Christian October 24, 2019 - 2:25 am

Probably the biggest benefit of all-inclusives is that you have a much better idea of what your trip will cost. There are some that aren’t out in the sticks. Try Cancun for some nice AI’s with good locations. Kind of the best of all worlds.

SO_CAL_RETAIL_SLUT October 26, 2019 - 9:31 pm

For many years, traveling for business to New York City, I would often bundle the air and hotel components together with the mainline airlines vacation packages – as it would almost always be less expensive than buying the two separately – even with negotiated airline and hotel discounts factored in.

Through the years, the airlines caught on and gradually raised the one night hotel stay requirement in the package to two and sometimes three nights to deter business travel. At my then employer, the travel policy was very reasonable in that you used whatever the best logical price was for the itinerary.

Since it was my department’s budget – I always attempted to see what other methods we could use to minimize expense – I drove the company travel agents and the travel manager crazy – but again it was my departmental budget, and my reasoning was that if needed, I could send more of my employees on business travel.
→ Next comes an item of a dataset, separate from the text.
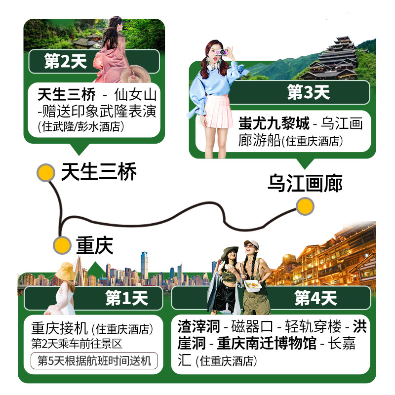 本行程支持1人独立预订,无需拼团等待,特别适合临时出差后顺道度假或独自出行的商务人士。无论是会议结束后的放松,还是独自探索山城魅力,您都能即刻启程,省去协调多人时间的繁琐,真正实现差旅与休闲的无缝衔接。全程5天4晚节奏舒缓,兼顾效率与体验,是现代职场人理想的城市微度假选择。

The beauty of this was is that most of the vacation packages were on the airline where we had the negotiated discount and national discount for the hotel chain. To be fair – these are not the same as “all inclusive” resorts in the Caribbean or what is popular from California, the various Mexican resort areas. But this method sure saved my department a ton of money over the years – and you still earned mileage/points/status.

Now that travel for my own company is out of my cash flow – at times, I still employ this method where it makes sense. The mainline carriers also allow you to price business/first class air travel in the vacation packagesl. I was disappointed when Alaska Airlines closed down it’s vacation business earlier this year. I used Alaska several times for trips up to the Seattle area – and booked their vacation packages – at a savings over what I would pay.

I agree – I would rather tour around and get a flavor for the local area rather than being “stuck” at one hotel. On the other hand, I get that others may just not want to leave the property, drink, eat and be merry for the duration of their trip.